Start of Data for review

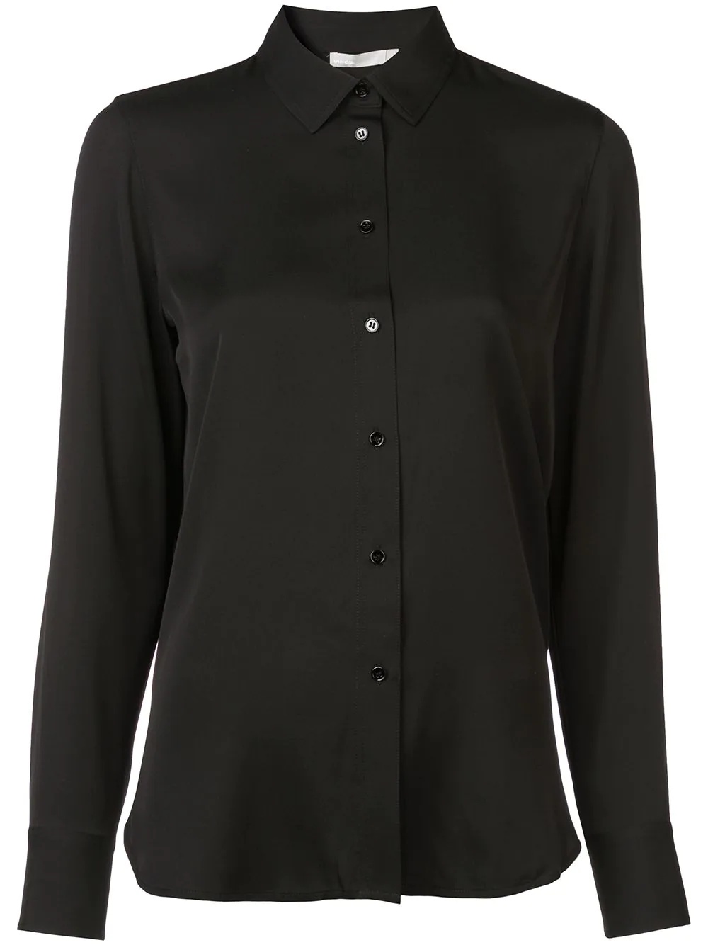 classic silk shirt Black classic silk shirt from Vince featuring a collar, a front button fastening, long sleeves and button cuffs. Imported Composition Silk 100% SIZE & FIT Model measurements Height 5 ft 10 in(1.79 m) Bust/Chest 31.1 in(79 cm) Hips 33.85 in(86 cm) Waist 22.83 in(58 cm) Measurement CHEST 42.51 in(108 cm) LENGTH 25.98 in(66 cm) WAIST 40.94 in(104 cm) SLEEVE LENGTH 20.47 in(52 cm) HIPS 43.3 in(110 cm) FittingInformation Designed to be unstructured, offering a loose fit throughout Constructed with narrow shoulders Made from a lightweight stretch fabric, this piece offers elasticity and flexibility when worn This piece fits true to size – those with broad shoulders may wish to take one size up Washing instructions Hand Wash
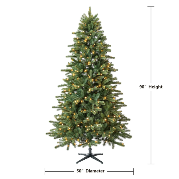 - Stands 7.5 feet tall with a 50 inch diameter for a full and elegant holiday centerpiece
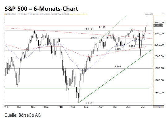 Rückblick: Vor dem Brexit-Referendum startete der S&P 500 Index zu einem Ausbruchsversuch über die bei 2.114 Punkten liegende Widerstandsmarke, musste jedoch nach dem Referendum stark abgeben.
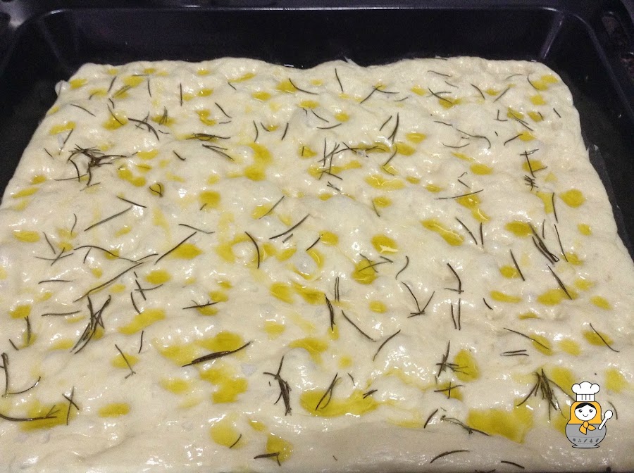 Ahora nos untamos la punta de los dedos con aceite y hacemos pequeños hoyuelos por toda la superficie. Por último esparcimos por encima un poco de aceite virgen extra, la sal gruesa y unas hojas de romero.
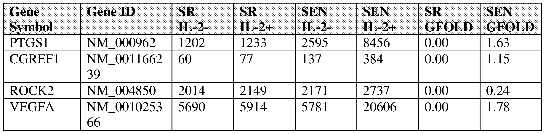 Table 6D: Differentially Downregulated Genes in SEN + IL-2
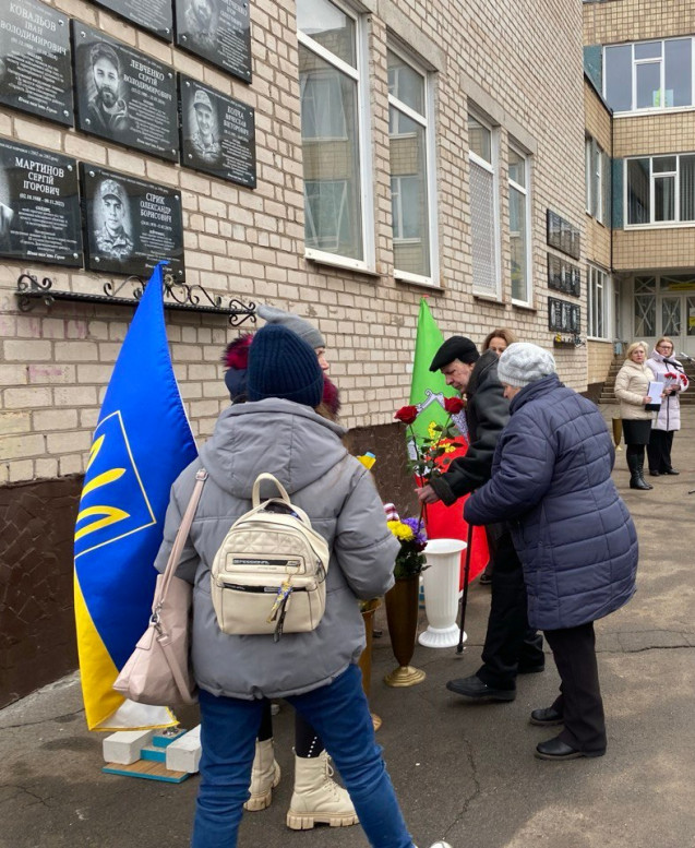 На фасаді навчального закладу в Довгинцівському районі Кривого Рогу відкрили меморіальні дошки на честь загиблих випускників закладу Олександра Борисовича Сірика та Сергія Ігоровича Мартинова.
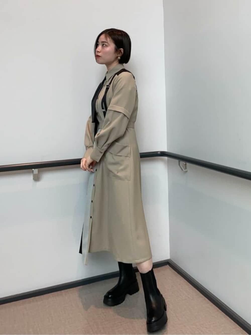 mizuho(UNITED TOKYO EC事業部 W)のワンピース「ダブルベルトシャツワンピース」を使ったコーディネート
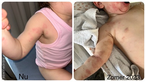 Ik weet niet of dit eczeem is.. ze heeft maanden geeen plekje op haar lichaam gehad en nu ineens sinds gister speelt dit weer op net als vorige jaar rond deze tijd.
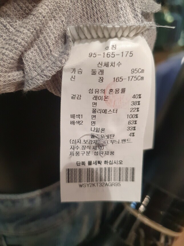 | 1. 제품 소재 (섬유의 조성 또는 혼용률을 백분율로 표시, 기능성인 경우 성적서 또는 허가서) | 겉감 : 레이온 40% , 면 38% , 폴리에스터 22% 배색1 : 면 100% 배색 |
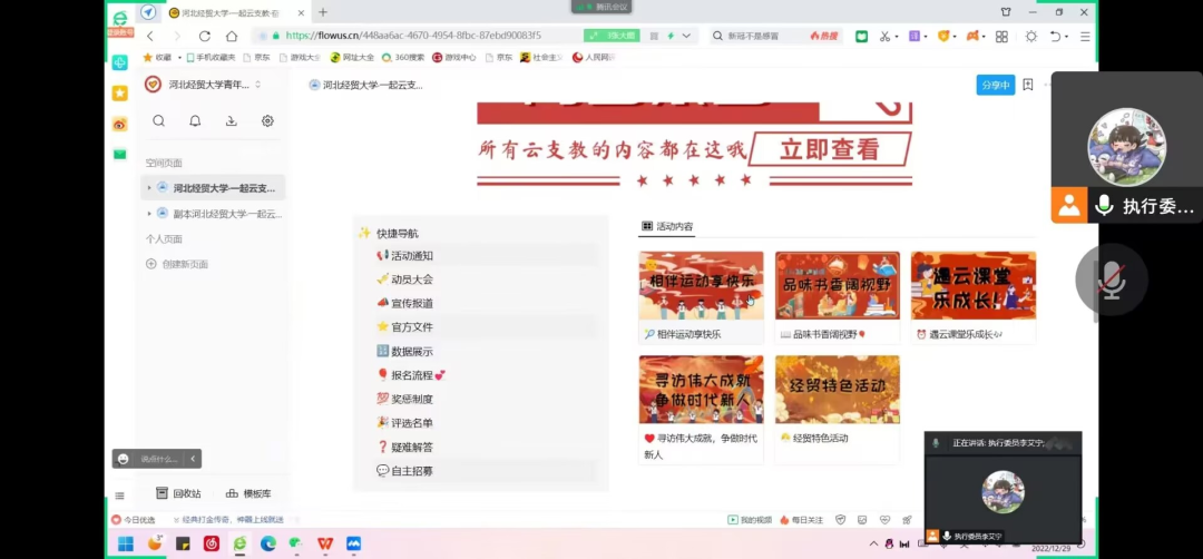为了让青年志愿者更清楚的明晰本次“一起云支教·奋进新征程”志愿活动的各项内容、更出色的完成各项任务,准备更充分的迎接本次志愿活动,公司于2022年12月29日下午四点进行了suncitygroup太阳集团线上动员大会。suncitygroup太阳集团参与本次志愿活动的青年老员工参加了本次大会。本次动员大会由执行委员李艾宁同学主持。
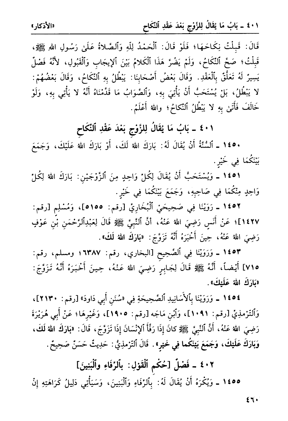 1455- ويكرهُ أن يُقالَ لهُ: بالرفاءِ والبنين، وسيأتي دليلُ كراهته إن شاء الله تعالى في كتابِ حفظ اللسان في آخر الكتاب [رقم: 1855؛ الباب، رقم: 543] .
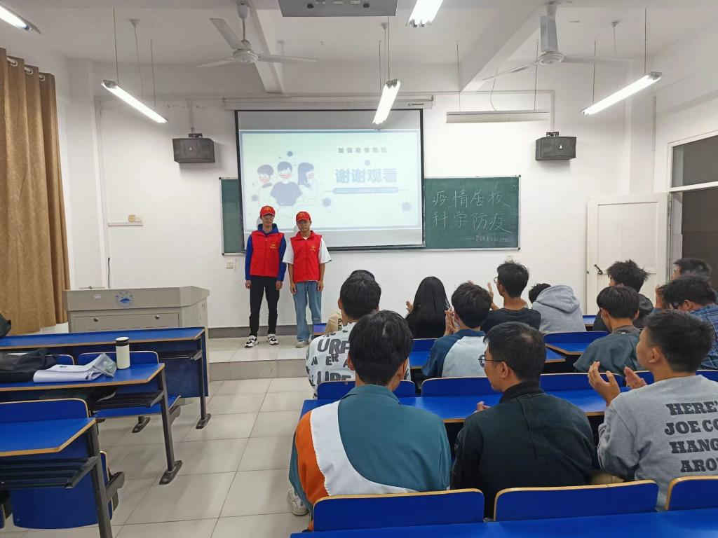 活动过程中,志愿者们分散到各个班级开展教育宣传,分别从理性认知、科学防护、心理调试、运动健身四个方面向同学们讲解“疫情居校,科学防疫”,积极教育引导学院学生放平心态、科学防疫,鼓励他们在大疫情背景下追寻光,成为光,散发光,收到了同学们的热烈反响与回应。

End of Data for review

## Problem to work on
Out of the records above, please copy exactly the lines from the line with "Ahora nos untamos" up to and including the line with "为了让青年志愿者更清楚的明晰", minus the pictures.

## Solution to this problem
 Ahora nos untamos la punta de los dedos con aceite y hacemos pequeños hoyuelos por toda la superficie. Por último esparcimos por encima un poco de aceite virgen extra, la sal gruesa y unas hojas de romero.
 Table 6D: Differentially Downregulated Genes in SEN + IL-2
 На фасаді навчального закладу в Довгинцівському районі Кривого Рогу відкрили меморіальні дошки на честь загиблих випускників закладу Олександра Борисовича Сірика та Сергія Ігоровича Мартинова.
 mizuho(UNITED TOKYO EC事業部 W)のワンピース「ダブルベルトシャツワンピース」を使ったコーディネート
 Ik weet niet of dit eczeem is.. ze heeft maanden geeen plekje op haar lichaam gehad en nu ineens sinds gister speelt dit weer op net als vorige jaar rond deze tijd.
 | 1. 제품 소재 (섬유의 조성 또는 혼용률을 백분율로 표시, 기능성인 경우 성적서 또는 허가서) | 겉감 : 레이온 40% , 면 38% , 폴리에스터 22% 배색1 : 면 100% 배색 |
为了让青年志愿者更清楚的明晰本次“一起云支教·奋进新征程”志愿活动的各项内容、更出色的完成各项任务,准备更充分的迎接本次志愿活动,公司于2022年12月29日下午四点进行了suncitygroup太阳集团线上动员大会。suncitygroup太阳集团参与本次志愿活动的青年老员工参加了本次大会。本次动员大会由执行委员李艾宁同学主持。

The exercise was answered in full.